Inhibition of double-stranded RNA- and tumor necrosis factor alpha-mediated apoptosis by tetratricopeptide repeat protein and cochaperone P58(IPK)

Abstract

P58(IPK) is a tetratricopeptide repeat-containing cochaperone that is involved in stress-activated cellular pathways and that inhibits the activity of protein kinase PKR, a primary mediator of the antiviral and antiproliferative properties of interferon. To gain better insight into the molecular actions of P58(IPK), we generated NIH 3T3 cell lines expressing either wild-type P58(IPK) or a P58(IPK) deletion mutant, DeltaTPR6, that does not bind to or inhibit PKR. When treated with double-stranded RNA (dsRNA), DeltaTPR6-expressing cells exhibited a significant increase in eukaryotic initiation factor 2alpha phosphorylation and NF-kappaB activation, indicating a functional PKR. In contrast, both of these PKR-dependent events were blocked by the overexpression of wild-type P58(IPK).
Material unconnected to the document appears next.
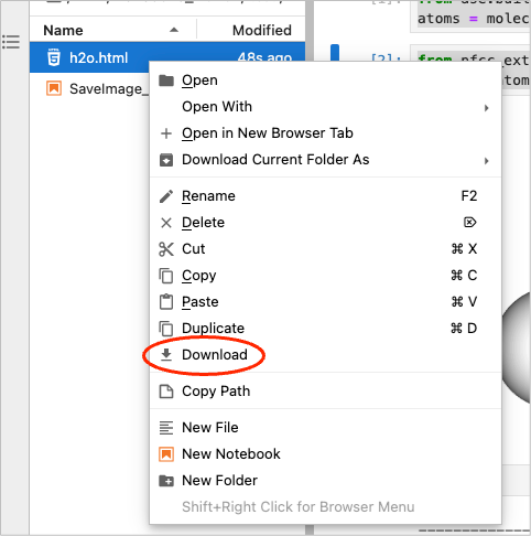 - File Browser でNotebookと同じ場所に出力された html ファイルをダウンロードします。

In addition, the P58(IPK) cell line, but not the DeltaTPR6 cell line, was resistant to dsRNA-induced apoptosis. Together, these findings demonstrate that P58(IPK) regulates dsRNA signaling pathways by inhibiting multiple PKR-dependent functions. In contrast, both the P58(IPK) and DeltaTPR6 cell lines were resistant to tumor necrosis factor alpha-induced apoptosis, suggesting that P58(IPK) may function as a more general suppressor of programmed cell death independently of its PKR-inhibitory properties. In accordance with this hypothesis, although PKR remained active in DeltaTPR6-expressing cells, the DeltaTPR6 cell line displayed a transformed phenotype and was tumorigenic in nude mice. Thus, the antiapoptotic function of P58(IPK) may be an important factor in its ability to malignantly transform cells.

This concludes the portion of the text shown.